Anthropic Traces Six Weeks of Claude Code Quality Complaints to Three Overlapping Product Changes

Our take

Anthropic's recent postmortem reveals that six weeks of code quality complaints regarding Claude can be traced back to three overlapping product changes: a downgrade in reasoning efforts, a caching bug that compromised the model's own logic, and a verbosity limit in system prompts that resulted in a 3% drop in quality. Importantly, the API and model weights remained unaffected, and all identified issues were resolved by April 20.

Anthropic's recent postmortem sheds light on a series of quality complaints regarding Claude Code, tracing them back to three specific product-layer changes. This transparency is commendable, particularly in an industry that often grapples with the complexities of AI development. The identified issues—including a reasoning effort downgrade, a caching bug, and a system prompt verbosity limit—resulted in a noticeable decline in quality, yet the swift resolution of these problems illustrates a commitment to maintaining high standards. This is particularly relevant in an era where companies like Pinterest are also addressing technical challenges to improve performance, as seen in their efforts to eliminate CPU starvation issues affecting machine learning training jobs. As we navigate this rapidly evolving landscape, such proactive measures are essential.

The significance of these findings extends beyond the immediate quality concerns. They highlight the interconnectedness of product changes and the potential ripple effects on user experience. The fact that a 3% quality drop can arise from seemingly minor adjustments underscores the delicate balance that AI developers must strike. It's a reminder that while innovation is crucial, it must be approached with caution. Anthropic's experience serves as a case study for other organizations, including those involved in scaling social systems within software organizations, to consider the implications of their product changes more holistically. The risks associated with overlapping updates can lead to unexpected consequences, which can impact user trust and satisfaction.

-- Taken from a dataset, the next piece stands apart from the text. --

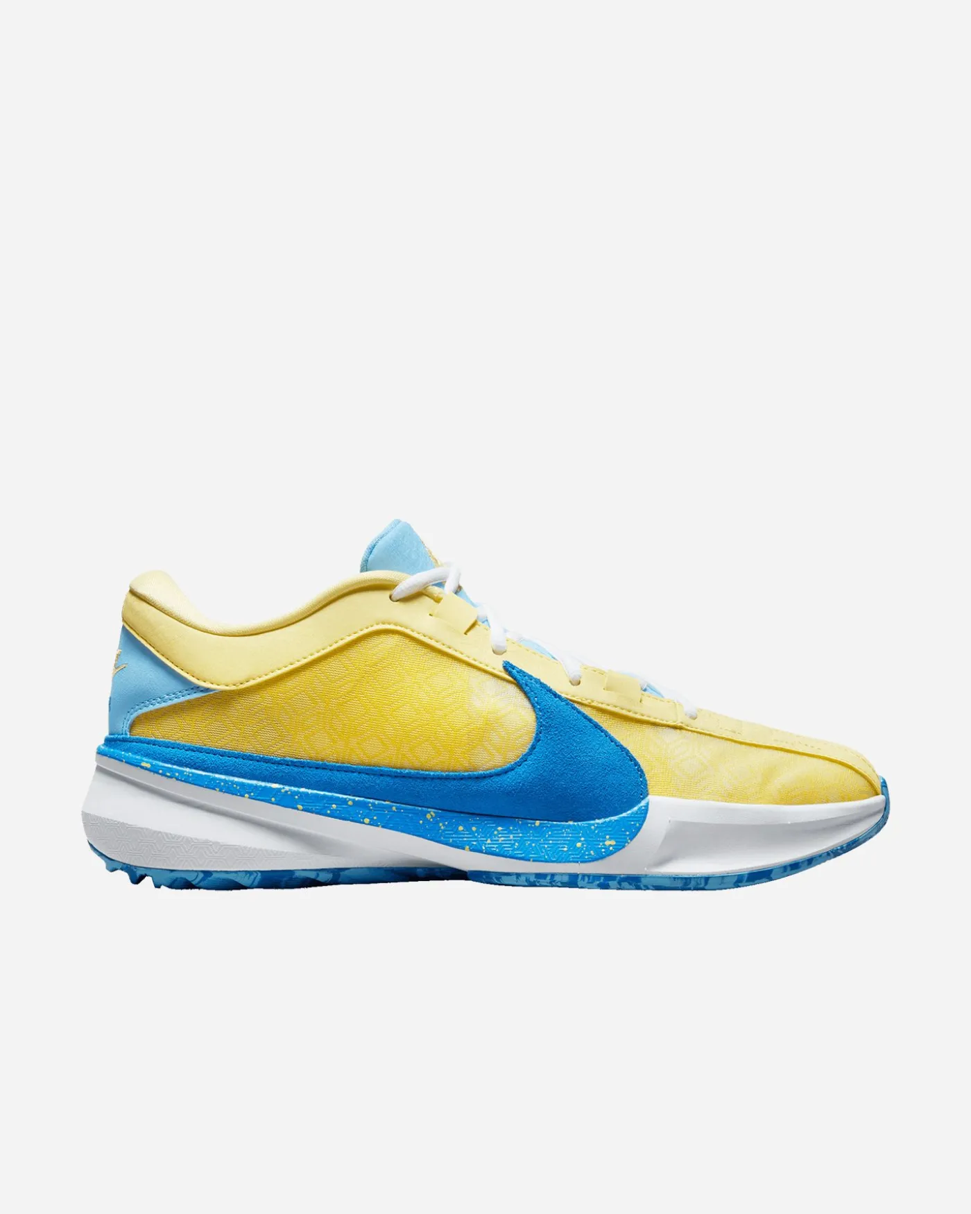 Ti presentiamo la scarpa Freak 5, con una velocità incredibile per i primi passi fatali e di un’ammortizzazione elastica in grado di sopportare il gioco pesante per tutta la partita, ti sentirai come il Greek Freak. L’unità Air Zoom sull’avampiede, caricata dall’alto, offre ritorno di energia e resistenza e dona forza al primo passo per passare facilmente dal perimetro al canestro. Il Greek Freak ha bisogno di un design che assicuri la massima aderenza per resistere alla difesa. Il sistema di contenimento interno offre una calzata più dinamica che limita i movimenti all’interno della scarpa senza stringere. L’ intersuola in schiuma Cushlon offre una schiuma stampata a compressione aggiornata per una calzata migliore e un’andatura più reattiva sotto il piede. Trazione spalmata sul tallone per una maggiore sensibilità in campo che aiuta a mantenere l’aderenza a terra, mentre la trazione multidirezionale aiuta a puntare il piede e scattare.

Moreover, the resolution of these issues without affecting the API and model weights is a testament to Anthropic's technical resilience. Users rely on stability when integrating AI into their workflows, and any perceived decline in quality can result in hesitance to adopt or continue using a product. This situation reminds us of the critical importance of feedback loops in AI development. Open communication channels, such as those highlighted in discussions around OpenAI's new API voice models, can help bridge the gap between user expectations and product capabilities. By fostering an environment where users feel comfortable voicing concerns, companies can better navigate the complexities of AI technology and enhance overall user satisfaction.

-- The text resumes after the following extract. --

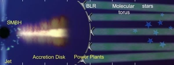 它们可以进入星系中心的超大质量黑洞,并将其作用能量中心。黑洞强大的引力使得外星生物可以将其开发成“引力发动机”,极为方便地将物质转化为能量,这比核聚变所产生的能量有效。在我们银河系中央的超大质量黑洞具有40亿倍的太阳质量,吸积盘上盘踞着数百万度的气体物质足以提供巨大的辐射能。台北天体物理学和天文学研究所的研究人员诚井上(Makoto Inoue)和日本千叶大学的横尾広光(Hiromitsu Yokoo)认为先进的外星文明可能集中资源在星系核心区域建造环形“能量站”,可围绕着中央大黑洞旋转,并处于太阳系面积大小的吸积盘之外。

Looking ahead, the question remains: how will companies like Anthropic evolve their product development processes to mitigate similar issues in the future? The industry is at a pivotal juncture, where the integration of AI into everyday tools is becoming increasingly commonplace. As more organizations embrace AI-driven solutions, the pressure to deliver consistent, high-quality experiences will only intensify. The challenge will be to maintain a balance between rapid innovation and the reliability that users demand. Watching how Anthropic and its peers respond to these challenges will be critical in shaping the future of AI technology and its acceptance across various sectors.

In conclusion, the postmortem analysis by Anthropic serves as a vital reminder of the complexities inherent in AI development. By learning from these experiences and maintaining a focus on user outcomes, companies can pave the way for a more reliable and transformative data management landscape. As we observe these developments, we must consider how transparency and proactive problem-solving will define the next generation of AI tools.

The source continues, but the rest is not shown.